Yancy remained at the scene with Phinney’s girlfriend. Her name was Madeline and she worked at a T-shirt shop on Duval. She said the shop was owned by Russian gangsters, and that’s who killed Phinney.

“They must’ve heard him braggin’ about the money,” she said.

Yancy asked how much he was carrying.

“Thousand bucks, maybe.”

“Where’d he get it?”

“A job.” Madeline sniffed and looked away. Tears streaked her chalky makeup.

Yancy said, “What was he dealing—coke? Meth?”

Madeline turned back with a narrow look. “You a cop or something?”

“I’m on sabbatical.” Which was true enough.

She wiped her eyes. “I never seen anybody get shot before. Goddamn.” She said she and Phinney had been dating only a month or so. “He was selling pot,” she added.

Yancy noticed her reading his reaction, trying to figure out if he believed her.

He said, “So what happened was he made a big score and quit his job on the Misty.”

“Yeah. Exactly.”

“And you really think your bosses killed him for a grand?”

Madeline seemed to be reconsidering her theory. “Will I have to, like, go to court?”

“If there’s a trial, sure.”

“Thing is, Charlie was talkin’ all over town. The Russians weren’t the only ones knew he had a wad.” She shrugged. “Could’ve been anybody that shot him.”

Yancy overheard one of the city detectives say that the blue moped was a rental. It had already been found, abandoned in an alley off Southard.
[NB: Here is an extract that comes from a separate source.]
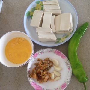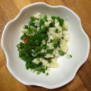 尖椒,榨菜,蒜头切碎,像这样子就好,夹豆腐吃才好吃

“I can’t afford to lose my job,” Madeline said. She wore her bleached hair in a spiky crop. Her hands were rough and her eyes were old-looking. Yancy figured she had fifteen years on Phinney.

“You got a smoke?” she said. “I’m comin’ apart here.”
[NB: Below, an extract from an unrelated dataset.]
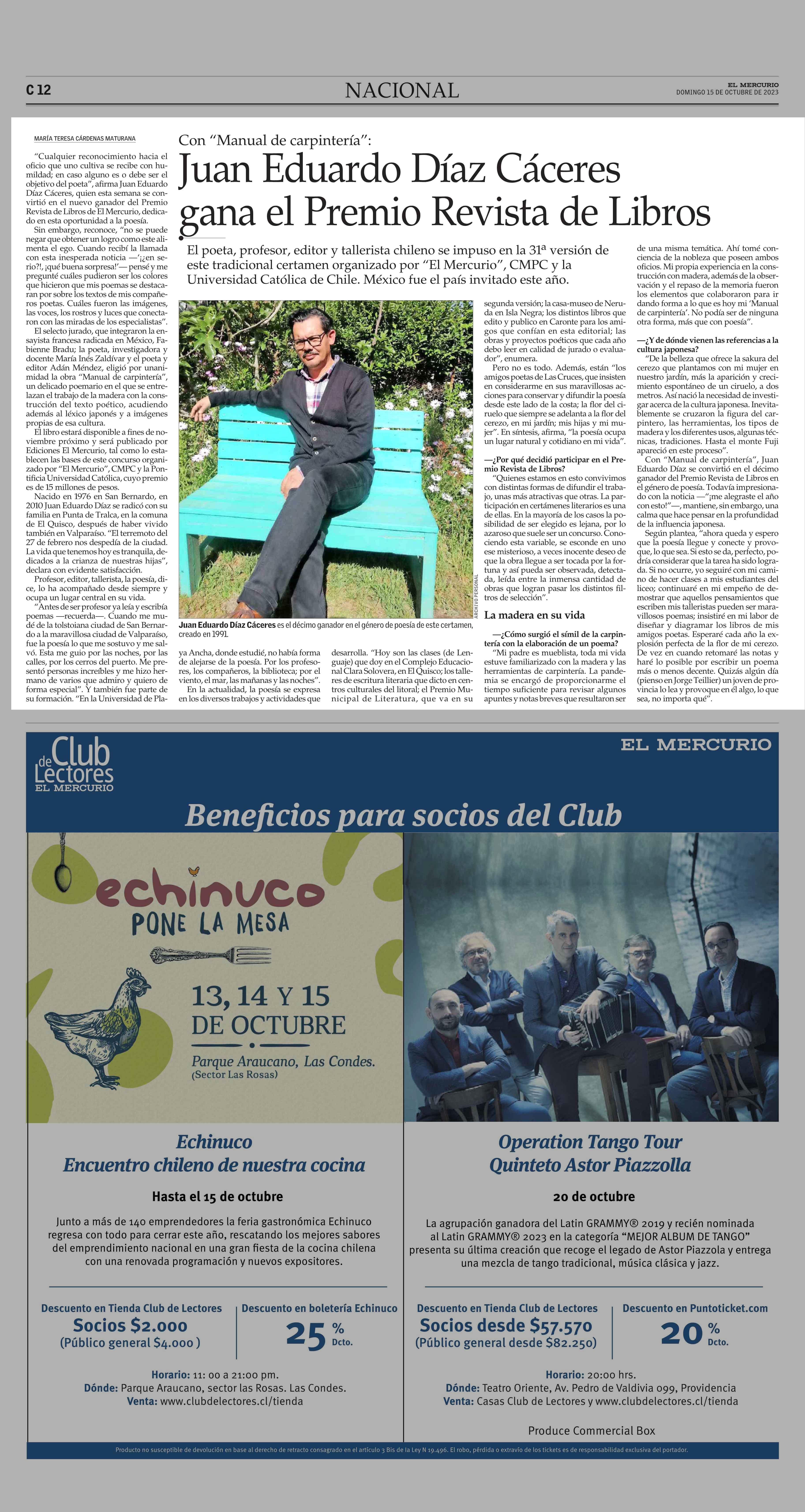 Juan Eduardo Díaz Cáceres gana el Premio Revista de Libros 15-10-2023 El Mercurio |

“I quit a long time ago. Sorry.”

“Oh. You’re one of them.”

Yancy picked a virgin Marlboro off the pavement. It was the same one Phinney was mouthing when he’d walked out of the oyster bar, the one he had paused to light when the robber on the moped shot him.

Madeline took the dead man’s cigarette from Yancy’s hand and said, “Why the hell not?”

•  •  •

That same night, 264 miles away, a man on the eastern coast of Andros Island lightly tapped on the door of a woman known as the Dragon Queen. When she let him in, the man, whose name was Neville, said, “I need some woo-doo on a white mon.”

The Dragon Queen sat down in a flaking wicker chair. “What de hell’s wrong wit your boy dere? He dont look right.”

“Dot’s not my boy,” Neville said. “Dot’s a monkey I look ahfta.”

He’d won the animal in a game of dominoes with a sponger from Fresh Creek. The sponger told him it was the same monkey from the Johnny Depp pirate movies, which were filmed nearby in the Exumas. Neville named his new pet Driggs and he fed him too much deep-fried food. Before long the monkey got wrinkled and tufts of fur began falling out. He defiantly refused housebreaking so Neville made him wear disposable baby diapers with holes cut out for his tail. Now the nearly hairless creature was hugging Neville’s left leg and chittering in dread of the voodoo woman.

She rocked forward to squint. “He sure dont favor you, suh. Bettuh talk to de missus and find out who she been messin’ wit, ha!”